Suudi Arabistan ve Filistin acil Arap Birliği Zirvesi düzenleme çabalarını koordine ediyor

Arap Birliği Dışişleri Bakanları Konseyi’nin Kahire’deki son toplantısı (Şarku’l Avsat)
Arap Birliği Dışişleri Bakanları Konseyi’nin Kahire’deki son toplantısı (Şarku’l Avsat)
TT

Suudi Arabistan ve Filistin acil Arap Birliği Zirvesi düzenleme çabalarını koordine ediyor

Arap Birliği Dışişleri Bakanları Konseyi’nin Kahire’deki son toplantısı (Şarku’l Avsat)
Arap Birliği Dışişleri Bakanları Konseyi’nin Kahire’deki son toplantısı (Şarku’l Avsat)

Suudi Arabistan ve Filistin’in başını çektiği Arap ülkeleri, Gazze’deki savaşı durdurma çabalarını tartışmak üzere acil bir Arap Birliği Zirvesi’ne hazırlık amacıyla istişarelerini sürdürüyor.
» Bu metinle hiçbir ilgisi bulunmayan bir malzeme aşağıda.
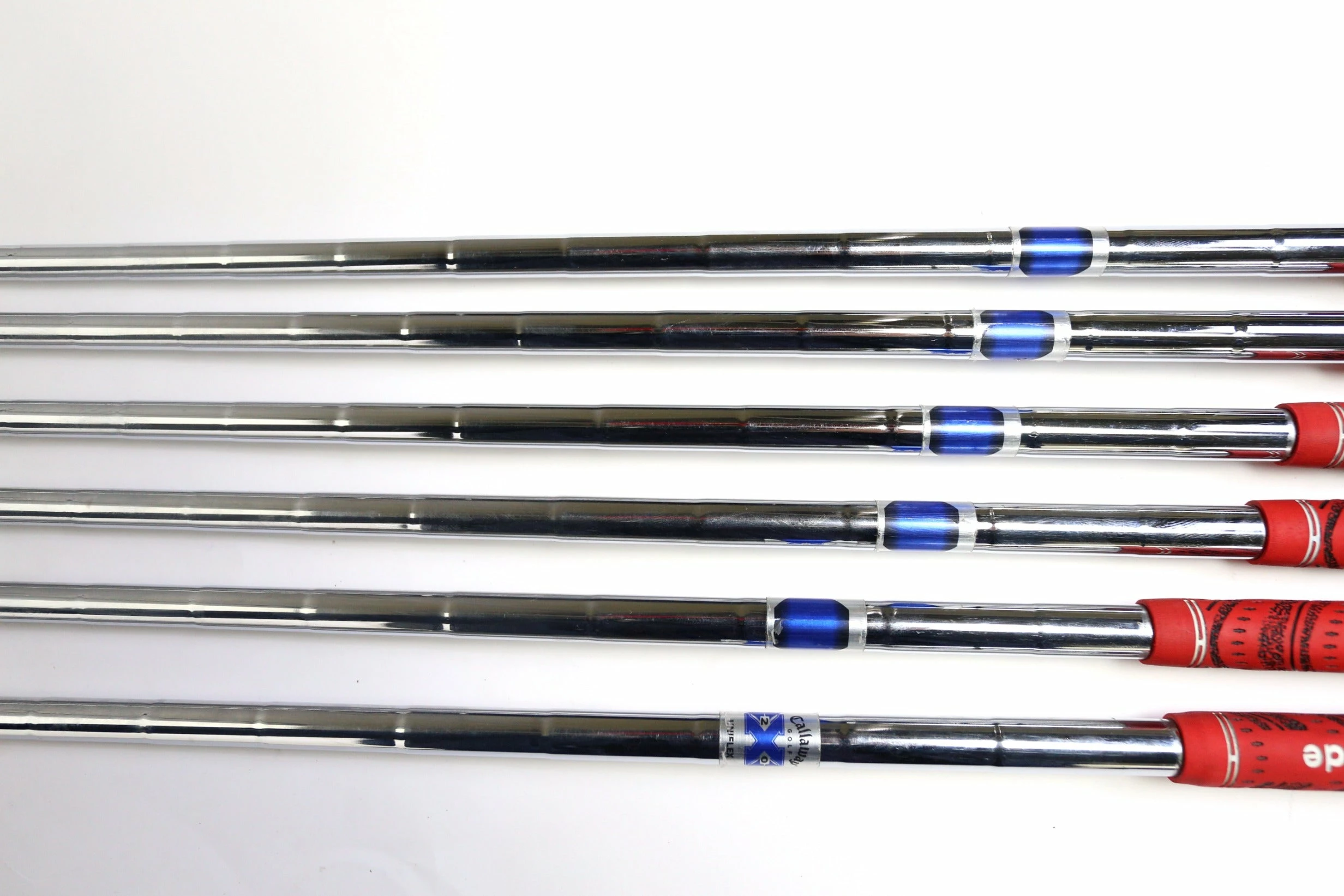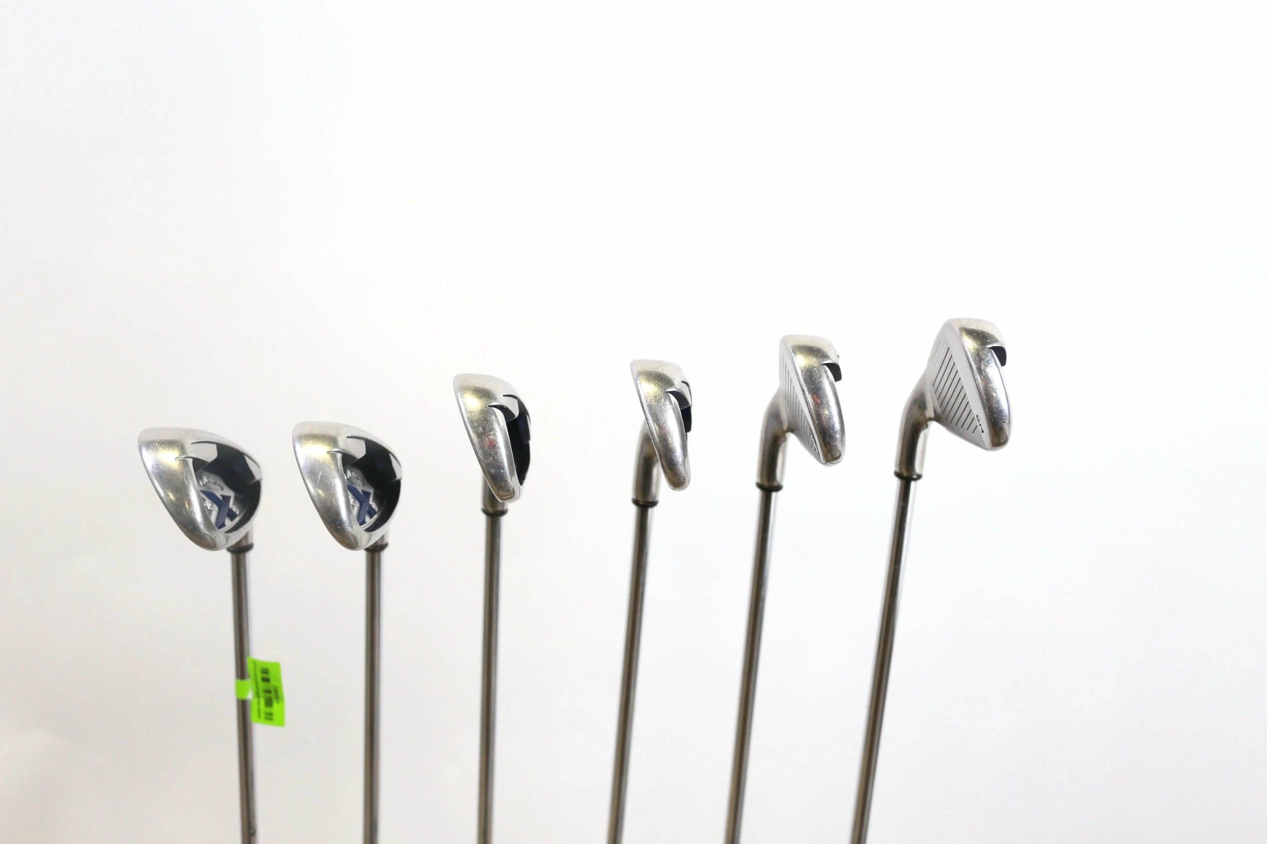 GOOD – This iron set is in good condition. There is average wear around the heads and on the faces of the clubs from regular use. There are very small markings and scratches along the shafts from normal use and storage. The grips are in good condition with some wear from regular use and storage. Please see pictures for more details. This set does not come with a 7 iron.

Şarku’l Avsat’a özel açıklama yapan Arap Birliği Genel Sekreter Yardımcısı Husam Zeki, Suudi Arabistan, Filistin ve diğer ilgili ülkeler arasında istişarelerin devam ettiği bilgisini verdi.

Filistin Devlet Başkanı Mahmud Abbas, Cumartesi akşamı yaptığı açıklamada, Arap liderleri İsrail’in Gazze’deki saldırılarını durdurmak için acil bir zirvede toplanmaya çağırdı.
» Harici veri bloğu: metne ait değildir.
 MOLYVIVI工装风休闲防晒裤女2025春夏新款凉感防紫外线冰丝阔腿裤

Abbas söz konusu açıklamasında şu ifadeleri kullandı;

Arap liderlerini, İsrail’in Filistinlilere yönelik acımasız saldırganlığını durdurmak için acil bir Arap zirvesi düzenlemeye, uluslararası zorluklara karşı birlik olmaya ve halkımızın kendi topraklarında kalabilmesi ve başkenti Kudüs olan devletimizin topraklarına yönelik işgale son verilmesi için büyük çaba harcamaya çağırıyorum.

Zeki, resmi hazırlıkların başlaması için Arap Birliği’ne henüz yazılı bir tebliğ ulaşmamış olmasına rağmen, zirveye ilişkin Suudi Arabistan-Filistin koordinasyonunun bulunduğunu bildirdi.
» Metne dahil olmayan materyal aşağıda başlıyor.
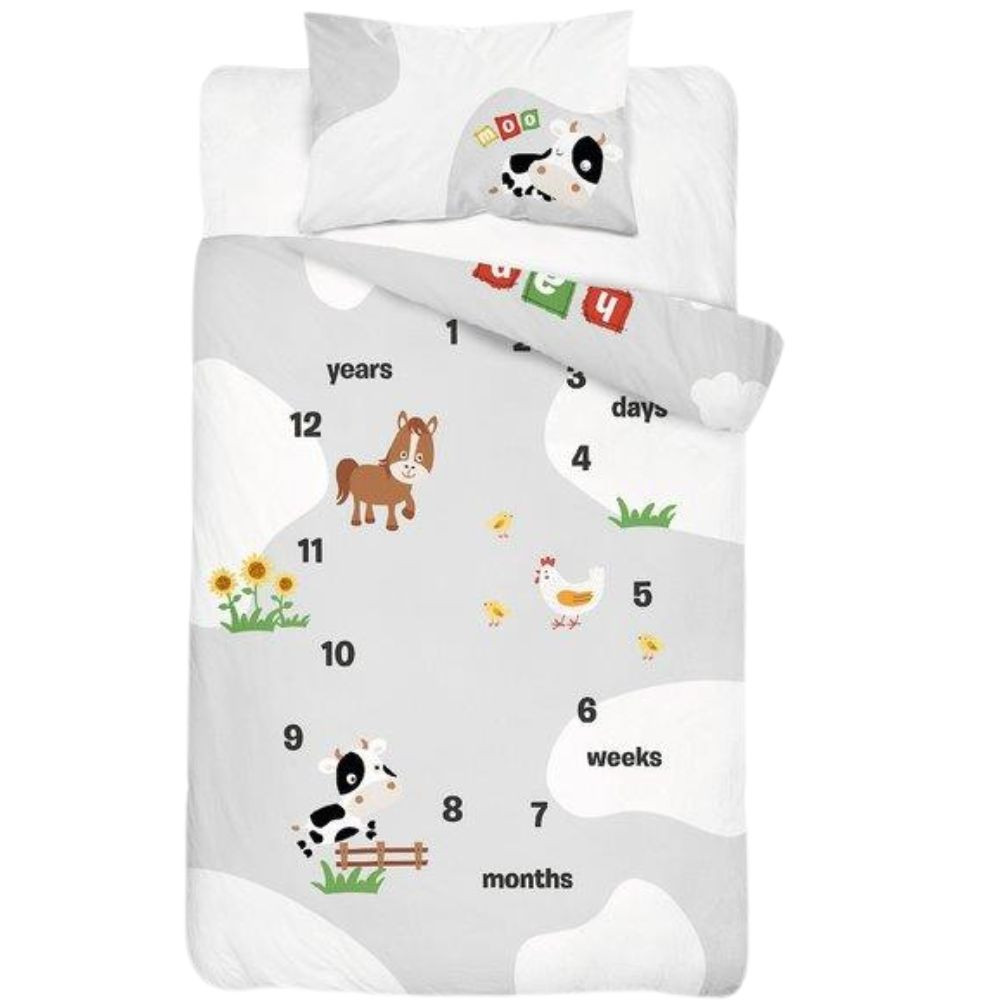 Nagyon aranyos motívumokkal ellátott 2 részes gyermek ágyneműhuzat garnitúra, a hozzá méretben azonos Lalian paplan-párna szettel együtt.

Arap Birliği Genel Sekreter Yardımcısı, “Mevcut koşullar altında, üyelerin üçte ikisinin Mısır ya da Suudi Arabistan’da acil zirve yapılmasını kabul etmemesi zor” diye ekledi.

Şarku’l Avsat’a açıklama yapan bir diğer yetkili, Arap Birliği Genel Sekreteri Sözcüsü Cemal Ruşdi ise, “Zirvenin düzenleneceği yer ve tarihin belirlenmesi konusunda istişareler sürüyor. Ancak Suudi Arabistan’da yapılması bekleniyor” dedi.

Suudi Arabistan, Mayıs ayında düzenlenen 32. Arap Birliği Liderler Zirvesi’ne ev sahipliği yaptı.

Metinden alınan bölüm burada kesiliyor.